The patient’s family, “Health Care Representative”, and appropriate others should be informed that if a person has appointed a “Health Care Representative” and afterward lacks decisions-making capacity concerning a particular health care decision, the attending physician must acquire the informed consent for, or refusal of, health care from the “Health Care Representative” after discussing the character and the consequences of the person’s medical condition, and the risks, benefits and burdens of the hypothesizedv health care and its alternatives. However, if the patient is afterward found to possess adequate decision-making capacity, the patient shall retain legal authority to make the health care decision.
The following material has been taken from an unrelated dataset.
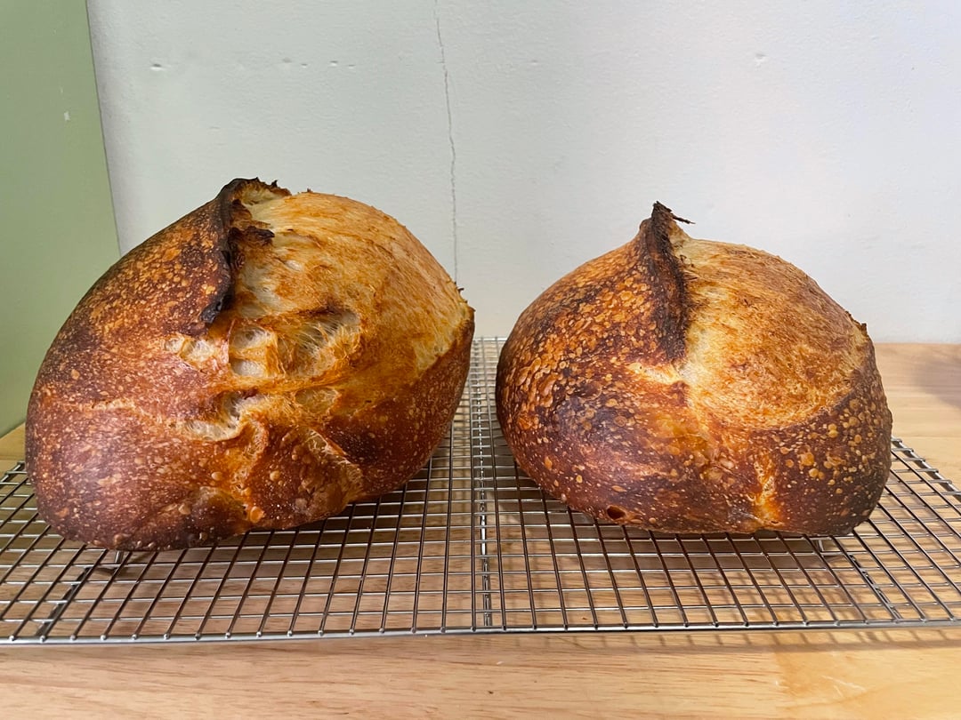 On the slightly larger loaf on the left, I actually took the time to spray the bread every 5-10min and put the lid back on, which let the oven spring really go crazy it seems! However the next bake after that I didn’t even spray the bread once, just put the lid on, and it still oven sprange beautifully.

additionally, already if the patient lacks decision-making capacity, but nonetheless clearly expresses the wish that medically appropriate measures be utilized to sustain life, that wish shall take precedence over any contrary decision of the “Health Care Representative” and over any contrary statement in the patient’s Instructive Directive.

Conclusion:

The sets of an Estate Planning Attorney are not necessarily required in New Jersey to execute a Living Will – just as they are not required to execute a Real Estate Contract or a Last Will & Testament – provided the document is in the proper form, correctly drafted, signed and witnessed. However to be sure that a Living Will conforms to New Jersey legal guidelines and that the patient’s wishes in the event of incapacity are clearly expressed – so as to be understood and followed – it may be prudent to consult a lawyer experienced in Estate Planning before the event arises in which the Living Will is needed.